Handling Big Data at Speed of Light
Today’s digital electronic computing is not equipped to efficiently and cost-effectively handle big-data tasks such as weather prediction and biological process modeling. So a multi-university research team led by the University of Arizona is developing new technologies that use optics to increase computing speed and power.
“Digital electronic computing is reaching its limits in cost and capacity,” said UA electrical and computer engineering professor Mark Neifeld, principal investigator on the five-year $7.5 million U.S. Department of Defense Multidisciplinary University Research Initiative, or MURI project. “Optical technology has the potential to improve complex computing in areas ranging from science and health care to business and defense.”
Neifeld, who has a joint appointment in the College of Optical Sciences, and his team will create hybrid computer architectures that combine optical and electronic technologies, allowing for more data to be handled at greater speeds.

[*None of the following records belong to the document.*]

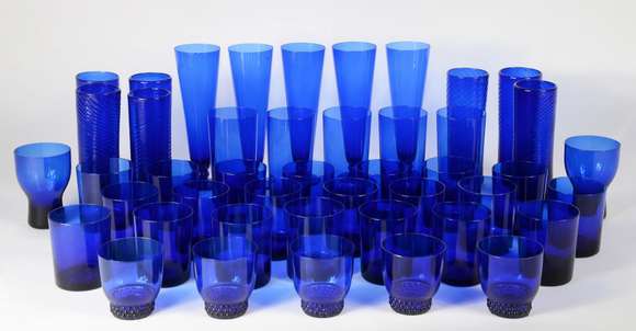 Serviço com 45 copos de vidro na cor azul, em diferentes tamanhos.
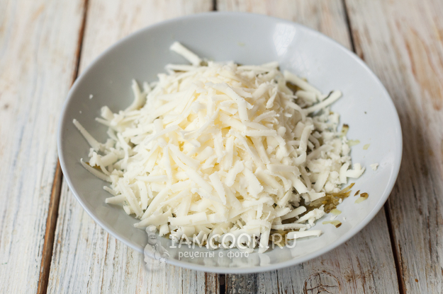 Сыр также натрите на крупной терке и добавьте к огурцам.
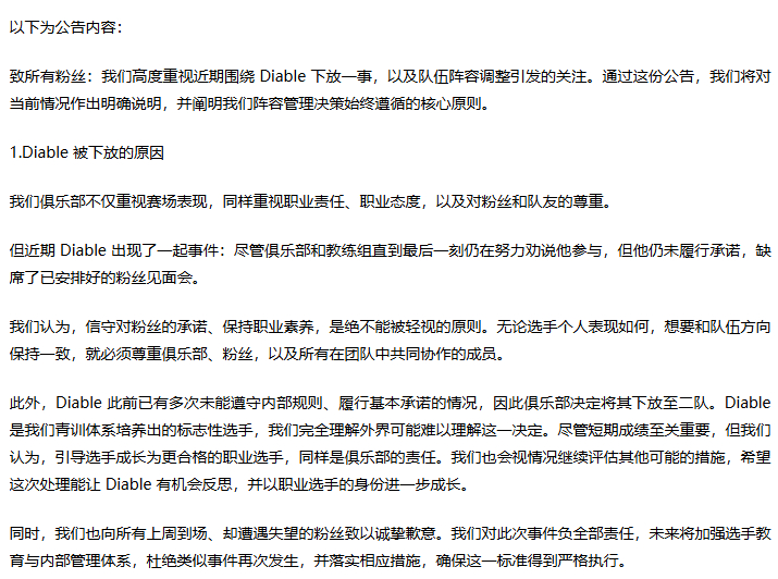 BFX回应下放DiableDiable被下放二队BFX二队的比赛出战名单中,出现了原本在一队被视为核心的下路选手Diable,随后官方在推特上做出了相应解释,称Diable多次出现未遵守内部规则、未履行基本承诺的情况。简单给大家总结一下,Diable未能如约参加粉丝见面会,不服从战队安排
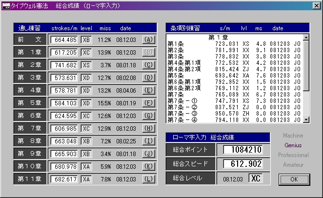 初期化したんでその前の成績も含めると
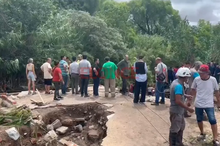 Elonce recorrió el lugar donde se desmoronó la casa como consecuencia del fuerte temporal. Cabe recordar que, durante la mañana de este jueves, con más de 120 milímetros de lluvia acumulada, el cauce del arroyo Colorado creció más de dos metros en pocas horas y arrasó la estructura donde se encontraba la familia.
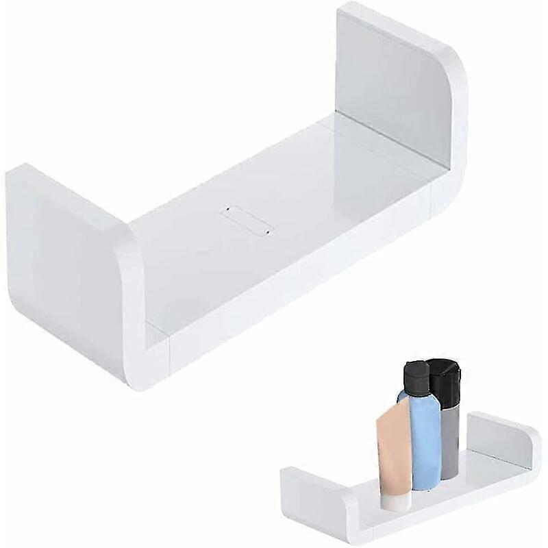 No Drilling Shower Shelf, Plastic Bathroom Shelves, Shower Caddy, Floating Shelves, U-Shape Floating Wall Shelves with Fixing Accessories, White(320X
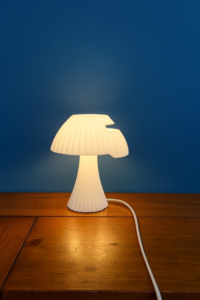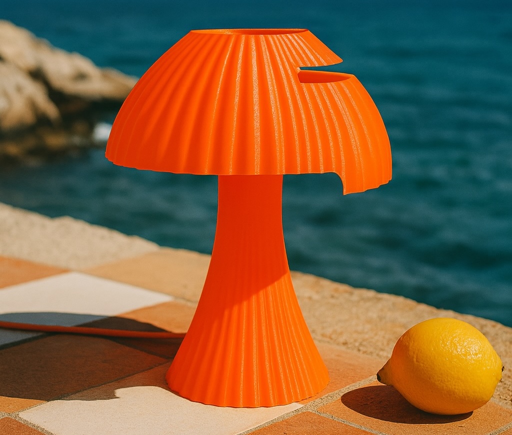 Déjà récompensée par le Fonds de dotation – Maison Mode Méditerranée pour une maroquinerie au graphisme futuriste, Laura Deweilde confirme son talent avec la création d’une lampe à poser au design bluffant, totalement apparenté au mouvement Space Age des années 1960-1970. Cet objet étonnant est le fruit d’une collaboration avec son ami Gauthier, un autre enfant du sud de la France souffrant comme elle de l’absence de lumière à Paris. Tous deux, à travers cette lampe, matérialisent cette lumière perdue. Ils la souhaitaient apaisante, vibrante et surtout chaleureuse pour retrouver la lumière de leurs étés d’enfance. Si le Khroma orange semble évident dans cette quête de chaleur, on s’étonne du choix du parme, couleur plus froide par essence mais certainement évocatrice de la lavande. Le Khroma crème mettra tout le monde d’accord par sa douceur. On adoptera ou pas cet objet haut en couleur et au design fort mais on retiendra son originalité. CB
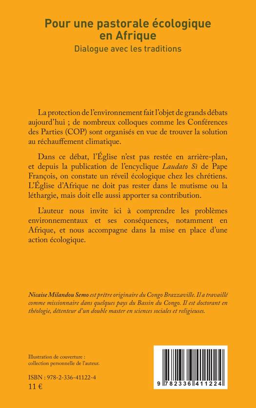 La protection de l'environnement fait l'objet de grands débats aujourd'hui; de nombreux colloques comme les Conférences des Parties (COP) sont organisés en vue de trouver la solution au réchauffement climatique. Dans ce débat, l'Église n'est pas restée en arrière-plan, et depuis la publication de l'encyclique Laudato Sì de Pape François, on constate un réveil écologique chez les chrétiens. L'Église d'Afrique ne doit pas rester dans le mutisme ou la léthargie, mais doit elle aussi apporter sa contribution. L'auteur nous invite ici à comprendre les problèmes environnementaux et ses conséquences, notamment en Afrique, et nous accompagne dans la mise en place d'une action écologique.
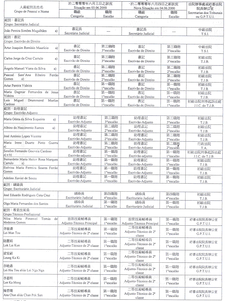根據八月四日第7/97/M號法律、十一月二十八日第52/97/M號法令和第53/97/M號法令,任職於各級法院辦事處的司法輔助人員及原在上述法院辦事處任職的,屬司法事務局編制內或外以合同方式提供服務的人員,自二零零零年六月四日起以相同之職程、職級、職階及任用方式,分別轉入各級法院辦事處或終審法院院長辦公室,人員名單見附表。
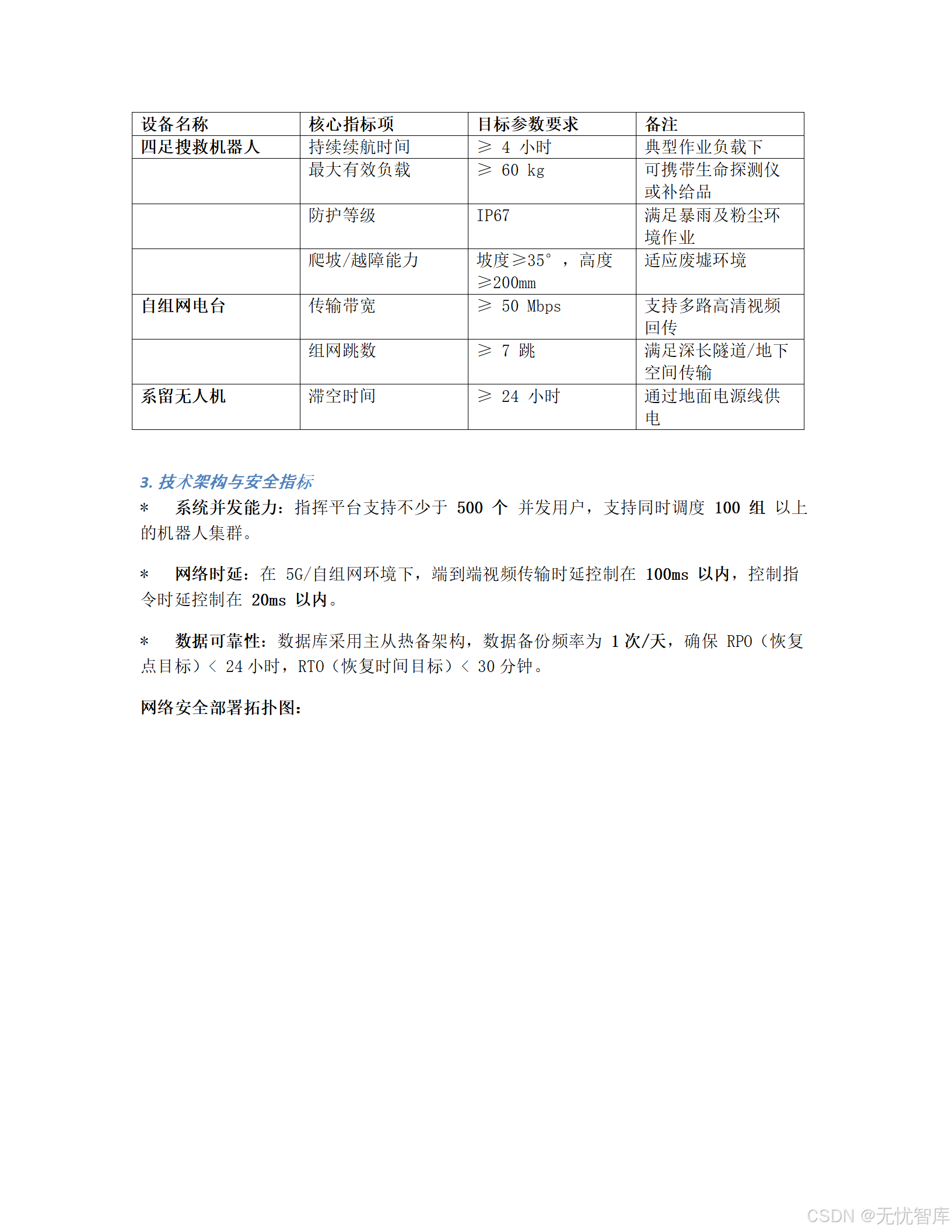 - 现场部署时间 :现场自组网建立及无人机升空侦察时间控制在 3分钟以内。

Optical computing uses light, or photons, to carry information, and light is faster than electric currents, or electrons, used in conventional computing.
Optics, Neifeld explained, allow for higher bandwidth and massive parallelism, or many processors working in conjunction to perform calculations and program instructions.
Joining Neifeld are UA Optical Sciences professor Nasser Peyghambarian and researchers from the University of California at Berkley, San Diego and Los Angeles.